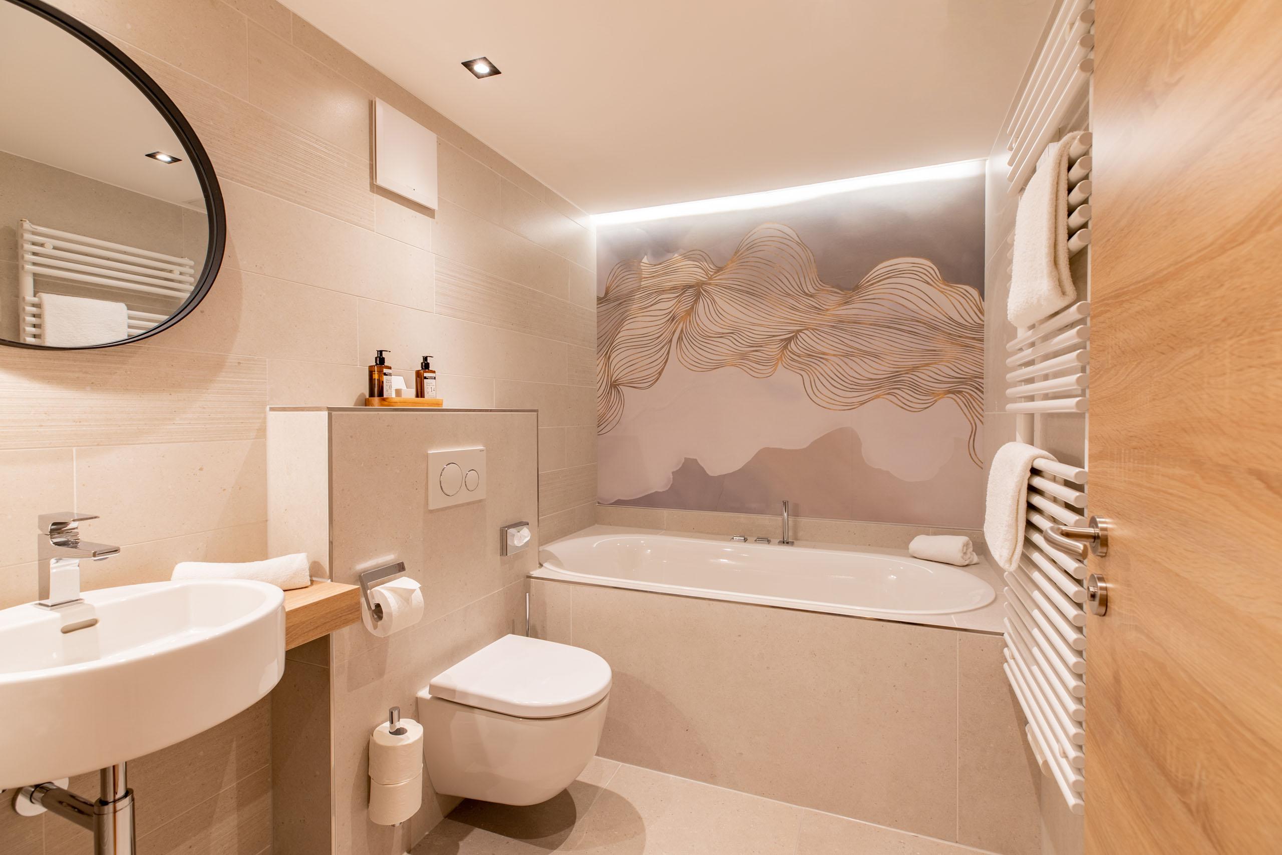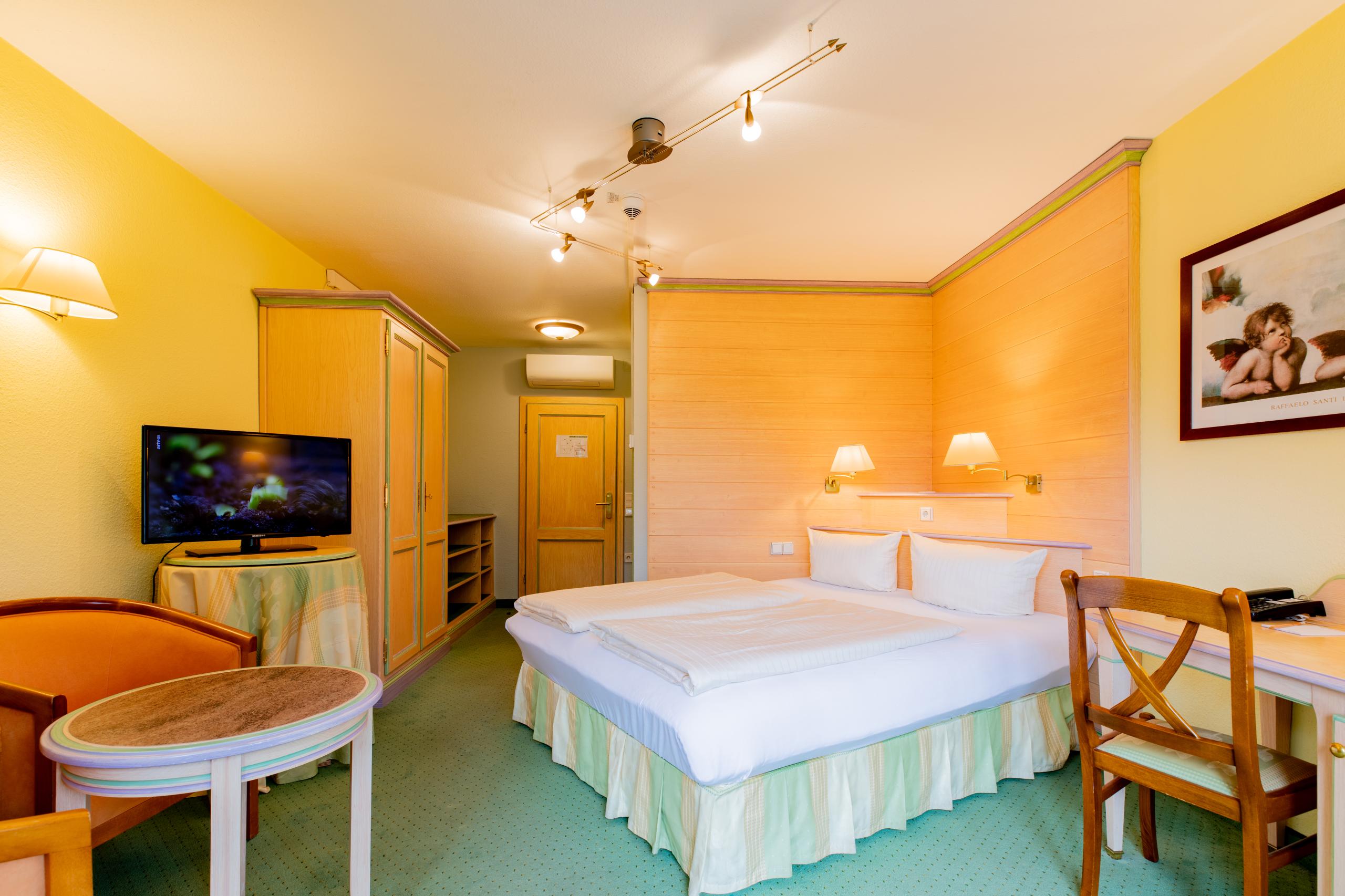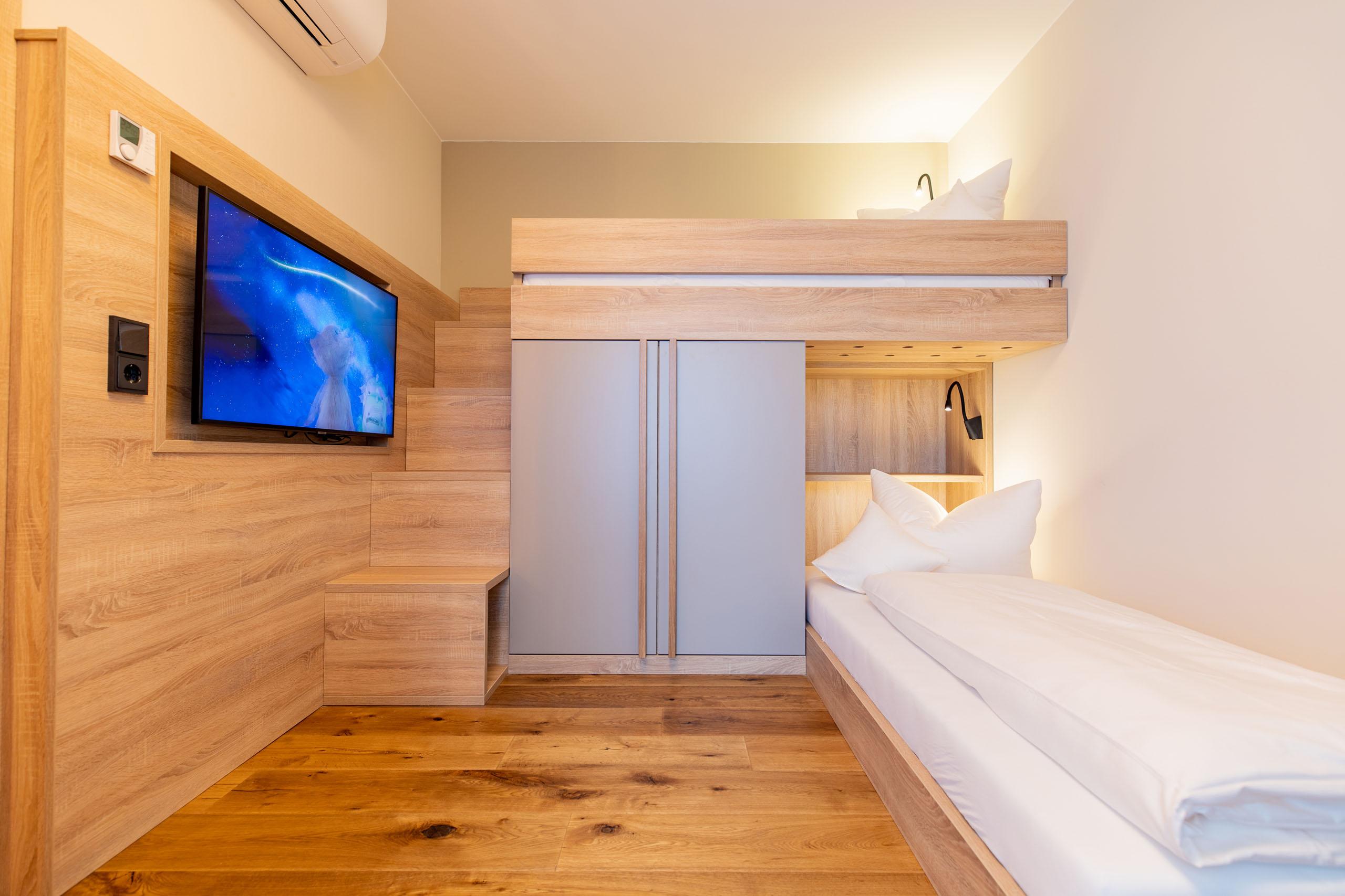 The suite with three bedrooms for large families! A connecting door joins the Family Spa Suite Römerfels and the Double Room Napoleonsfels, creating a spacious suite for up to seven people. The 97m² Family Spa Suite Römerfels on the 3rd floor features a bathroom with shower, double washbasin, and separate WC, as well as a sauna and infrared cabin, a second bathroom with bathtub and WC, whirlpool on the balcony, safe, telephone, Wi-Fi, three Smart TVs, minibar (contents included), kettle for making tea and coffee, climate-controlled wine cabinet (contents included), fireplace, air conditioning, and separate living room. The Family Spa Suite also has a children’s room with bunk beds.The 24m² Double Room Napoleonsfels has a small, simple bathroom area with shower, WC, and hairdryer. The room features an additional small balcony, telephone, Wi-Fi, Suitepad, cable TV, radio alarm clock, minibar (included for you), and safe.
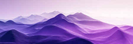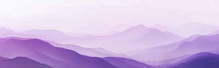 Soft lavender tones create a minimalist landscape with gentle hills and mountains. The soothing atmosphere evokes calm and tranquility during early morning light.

--

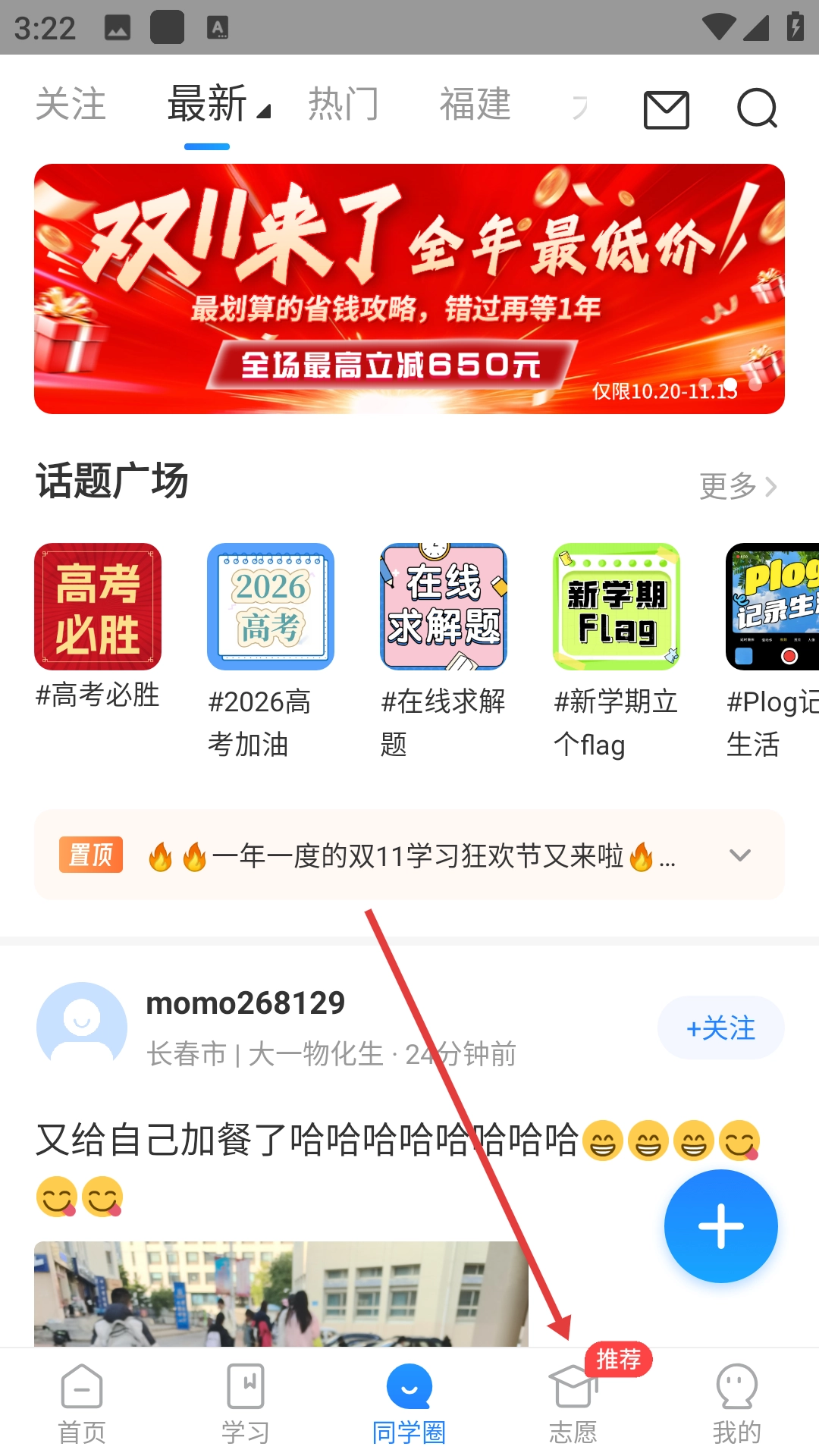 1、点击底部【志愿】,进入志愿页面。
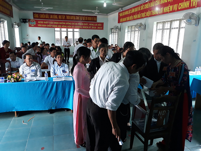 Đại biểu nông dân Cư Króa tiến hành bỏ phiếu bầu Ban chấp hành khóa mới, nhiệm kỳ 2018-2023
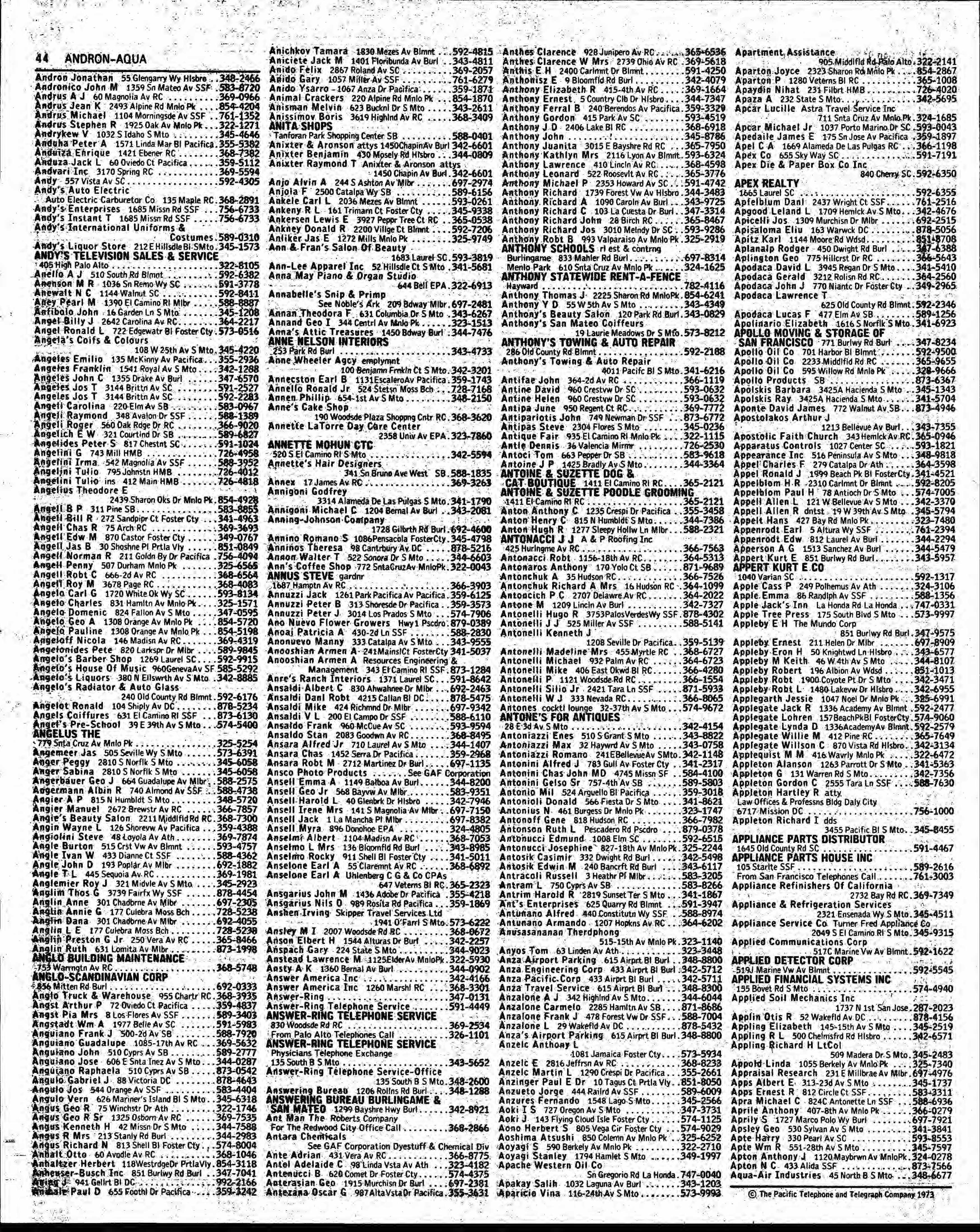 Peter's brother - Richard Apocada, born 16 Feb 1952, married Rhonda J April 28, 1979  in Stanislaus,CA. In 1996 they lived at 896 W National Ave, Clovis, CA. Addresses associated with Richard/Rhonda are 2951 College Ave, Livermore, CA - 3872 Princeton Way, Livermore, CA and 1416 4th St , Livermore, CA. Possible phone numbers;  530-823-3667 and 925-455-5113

What to work on: In the listing above, find the line with "1、点击底部【志愿】,进入志愿页面。" and the line with "Peter's brother - Richard". Copy exactly those lines and all between them, minus the images.

Solved problem:
 1、点击底部【志愿】,进入志愿页面。
 Đại biểu nông dân Cư Króa tiến hành bỏ phiếu bầu Ban chấp hành khóa mới, nhiệm kỳ 2018-2023
 Peter's brother - Richard Apocada, born 16 Feb 1952, married Rhonda J April 28, 1979  in Stanislaus,CA. In 1996 they lived at 896 W National Ave, Clovis, CA. Addresses associated with Richard/Rhonda are 2951 College Ave, Livermore, CA - 3872 Princeton Way, Livermore, CA and 1416 4th St , Livermore, CA. Possible phone numbers;  530-823-3667 and 925-455-5113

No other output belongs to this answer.